◆ **About this task**
Everything below from the line with "Looking for a" to the last line, both included, is to be written out exactly, with nothing added.

◆ **Supplied material**
______

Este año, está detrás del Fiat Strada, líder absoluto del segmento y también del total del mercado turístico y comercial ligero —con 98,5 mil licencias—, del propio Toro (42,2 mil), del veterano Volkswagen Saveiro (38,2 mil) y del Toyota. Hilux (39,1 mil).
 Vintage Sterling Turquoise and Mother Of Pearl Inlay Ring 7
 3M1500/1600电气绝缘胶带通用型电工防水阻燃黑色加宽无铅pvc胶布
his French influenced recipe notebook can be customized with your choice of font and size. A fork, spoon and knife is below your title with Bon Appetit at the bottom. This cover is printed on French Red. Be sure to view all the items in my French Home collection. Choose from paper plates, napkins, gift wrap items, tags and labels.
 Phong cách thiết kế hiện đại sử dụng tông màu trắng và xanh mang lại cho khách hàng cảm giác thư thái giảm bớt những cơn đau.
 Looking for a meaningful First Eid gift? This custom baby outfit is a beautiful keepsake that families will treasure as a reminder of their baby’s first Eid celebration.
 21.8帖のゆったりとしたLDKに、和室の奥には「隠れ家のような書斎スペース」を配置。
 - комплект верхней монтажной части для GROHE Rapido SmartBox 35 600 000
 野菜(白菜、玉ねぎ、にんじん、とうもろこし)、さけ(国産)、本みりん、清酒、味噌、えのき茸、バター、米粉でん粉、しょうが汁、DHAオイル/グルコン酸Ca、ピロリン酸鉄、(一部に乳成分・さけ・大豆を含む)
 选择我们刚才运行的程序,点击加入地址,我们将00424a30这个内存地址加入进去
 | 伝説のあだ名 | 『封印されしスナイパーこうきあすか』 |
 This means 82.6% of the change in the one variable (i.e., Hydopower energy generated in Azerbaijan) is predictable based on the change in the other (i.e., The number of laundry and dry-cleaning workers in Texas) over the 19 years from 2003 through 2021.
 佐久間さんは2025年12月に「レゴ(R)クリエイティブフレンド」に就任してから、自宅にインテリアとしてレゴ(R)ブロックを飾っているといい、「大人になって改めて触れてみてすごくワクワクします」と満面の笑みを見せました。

______

◆ **Written answer**
 Looking for a meaningful First Eid gift? This custom baby outfit is a beautiful keepsake that families will treasure as a reminder of their baby’s first Eid celebration.
 21.8帖のゆったりとしたLDKに、和室の奥には「隠れ家のような書斎スペース」を配置。
 - комплект верхней монтажной части для GROHE Rapido SmartBox 35 600 000
 野菜(白菜、玉ねぎ、にんじん、とうもろこし)、さけ(国産)、本みりん、清酒、味噌、えのき茸、バター、米粉でん粉、しょうが汁、DHAオイル/グルコン酸Ca、ピロリン酸鉄、(一部に乳成分・さけ・大豆を含む)
 选择我们刚才运行的程序,点击加入地址,我们将00424a30这个内存地址加入进去
 | 伝説のあだ名 | 『封印されしスナイパーこうきあすか』 |
 This means 82.6% of the change in the one variable (i.e., Hydopower energy generated in Azerbaijan) is predictable based on the change in the other (i.e., The number of laundry and dry-cleaning workers in Texas) over the 19 years from 2003 through 2021.
 佐久間さんは2025年12月に「レゴ(R)クリエイティブフレンド」に就任してから、自宅にインテリアとしてレゴ(R)ブロックを飾っているといい、「大人になって改めて触れてみてすごくワクワクします」と満面の笑みを見せました。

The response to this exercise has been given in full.